Kids transition from "learning to read" to "reading to learn" around 4th grade, requiring strong comprehension skills. However, educators disagree on the best methods to develop this ability.
Historically, comprehension instruction involved concrete exercises like identifying main ideas. Yet students can recognize main ideas without truly understanding the material. A newer approach teaches background knowledge and vocabulary before reading new texts—for instance, studying spiders before reading Charlotte's Web. The Knowledge Matters Campaign calls background knowledge "the quarterback of literacy."
However, Texas A&M's Kausalai Wijekumar urges caution. While "people with good background knowledge seem to read faster and understand quicker," she argues that ELA instruction shouldn't focus primarily on teaching material from other subjects. Students must eventually read independently to learn new information.

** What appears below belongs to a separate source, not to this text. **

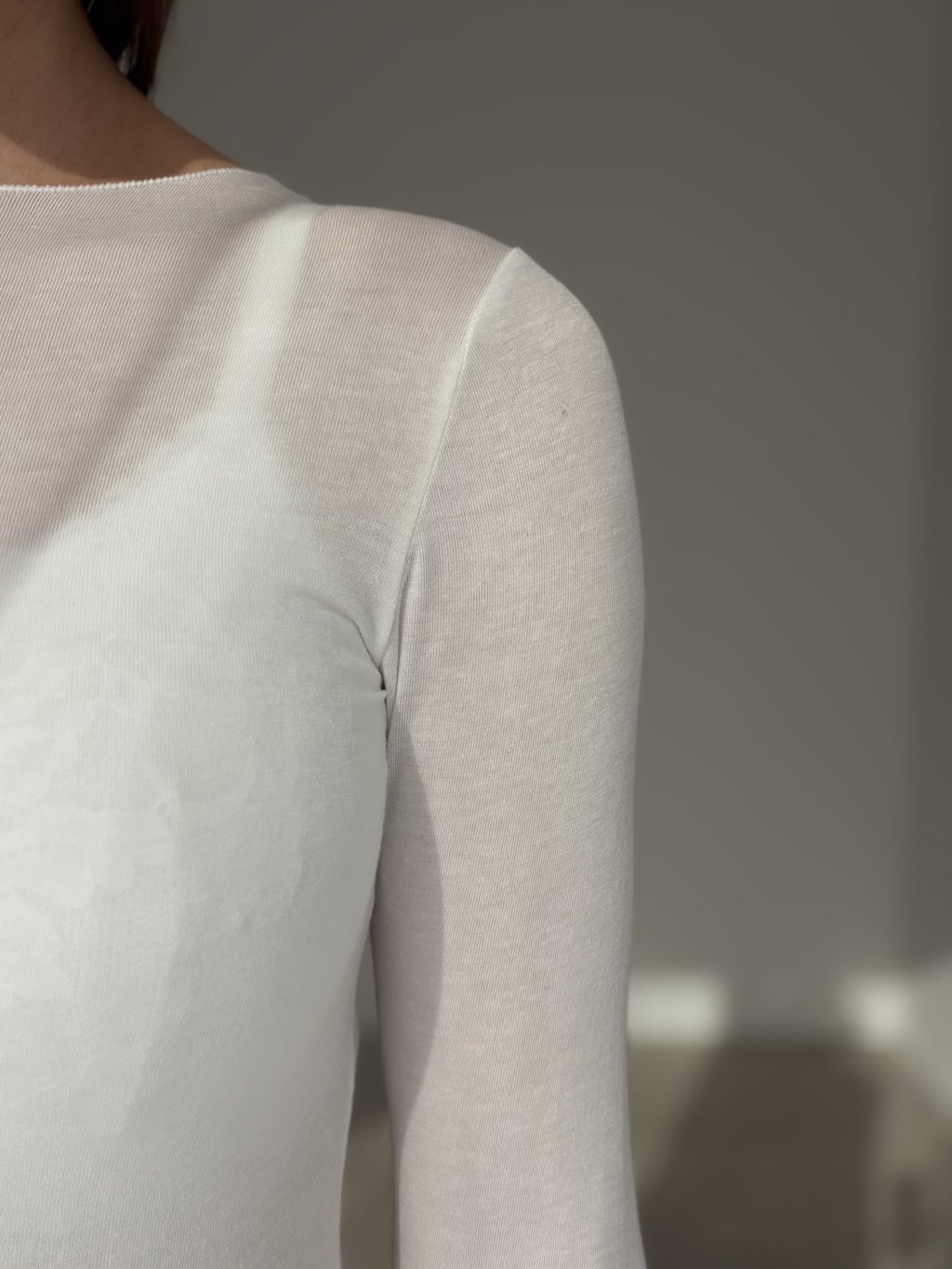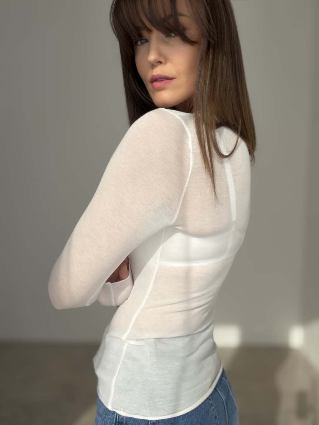 Jemný kašmírový top s dlhým rukávom a elegantným lodičkovým výstrihom. Ľahučký, hebký úplet je príjemný na pokožke, prirodzene sa prispôsobí postave a krásne sa vrství pod sako či kardigán. Minimalistický strih pôsobí čisto a nadčasovo – hodí sa k sukniam aj nohaviciam, na bežné dni aj formálnejšie príležitosti.

Wijekumar uses a systematic questioning approach, asking "Is there a problem?" and "Is there a solution?" to guide comprehension.
True comprehension involves more than processing facts. "Comprehension isn't only about understanding words and sentences. It's about how your child actively engages with the story." Kids remember more when personally invested in material through active discussions and personal reflection.
Early Elementary: Train Your Child's Brain
Before independent reading, children build comprehension foundations through repeated readings, picture analysis, and conversations. These thought patterns prove crucial for understanding complex texts later.
Scholastic suggests priming attention by examining book covers and making predictions. Post-reading, ask how stories could have ended differently, forcing children to remember actual events while exercising creativity.
Late Elementary: "What Would You Do?"
Educational researcher Delores Durkin's 1970s study found teachers spent only 1% of instructional time on comprehension. Recent research by Phil Capin shows this improved to 23%, yet late elementary reading scores remain stagnant or declining.
Much supposed comprehension time focuses on "low-level" factual recall questions like "Which city did the main character visit?" rather than engaging questions such as "What would you have done?" Vibrant class discussions spark excitement and improve retention.
Middle and High School: Science (of Reading) Class
Teacher Auddie Mastroleo emphasizes that the Science of Reading extends beyond phonics. Understanding how adolescent brains process text enables teachers to help students achieve "comprehension–the ability to read deeply and joyfully."
Using Scarborough's Reading Rope, Mastroleo weaves together background knowledge, vocabulary, text structures, verbal reasoning, and discussion. "I like a classroom buzzing with student talk," she explains, enabling students to move beyond surface comprehension toward critical thinking.